I was experimenting with the behavior of Numba vs Numpy for array indexing, and I came across something which I do not quite understand; so I hoped someone can point me in the right direction for what is probably a very simple question. Below are two functions, both of which create an empty array using the np.arange command. I then "append" (experimenting with a variety of methods to see how both Numba and Numpy perform/break) to the array using an index of 0, example[0] = 1 .

The Numba function with jit runs without error, but the Numpy example gives the error:

IndexError: index 0 is out of bounds for axis 0 with size 0

The Numpy error makes sense, but I am unsure as to why Numba with jit enabled allows the operation without error.

import numba as nb
import numpy as np

@nb.jit()
def funcnumba():
    '''
    Add item to position 0 using Numba
    '''
    example = np.arange(0)
    example[0] = 1
    return example

def funcnumpy():
    '''
    Add item to position 0 using Numpy.
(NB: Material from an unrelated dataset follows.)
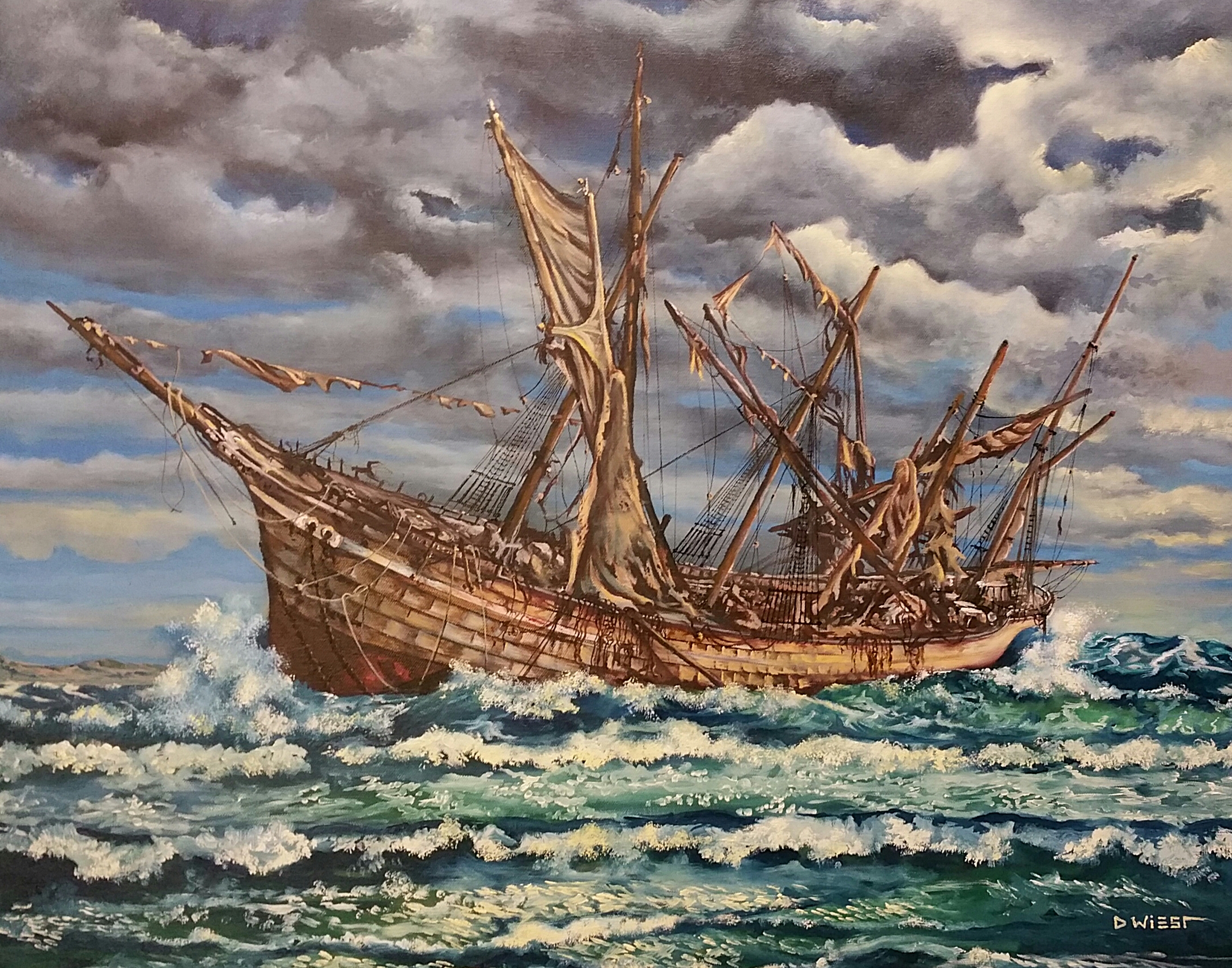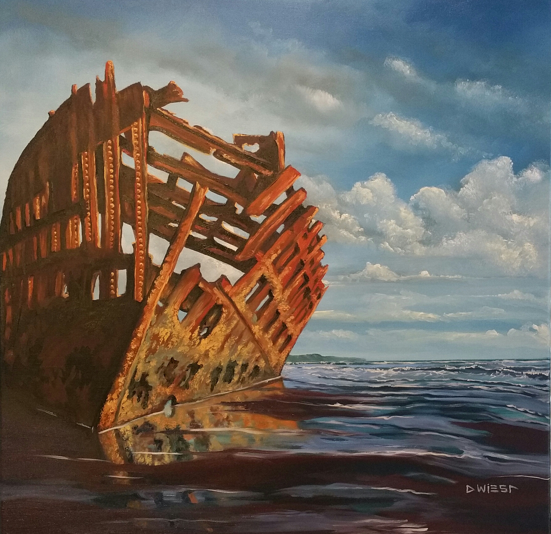 Later I learned the beached wreck was an extremely popular tourist destination in the early 1900’s. That fact inspired me to paint her as she might have appeared before the grounding incident. Unfortunately, it was years before the introduction of computers or the Internet, so this made research a somewhat daunting task. For this reason, the idea was pushed aside…but never forgotten.

This produces an error which makes sense
    '''
    example = np.arange(0)
    example[0] = 1
    return example

print(funcnumba())

print(funcnumpy())

See the Numba documentation on arrays :

Currently there are no bounds checking for array indexing and slicing (...)

That means that you will be writing out of the bounds of the array in this case. Since it is just one element you may be lucky and get away with it, but you can also crash your program or, even worse, silently overwrite some other value. See issue #730 for a discussion about it.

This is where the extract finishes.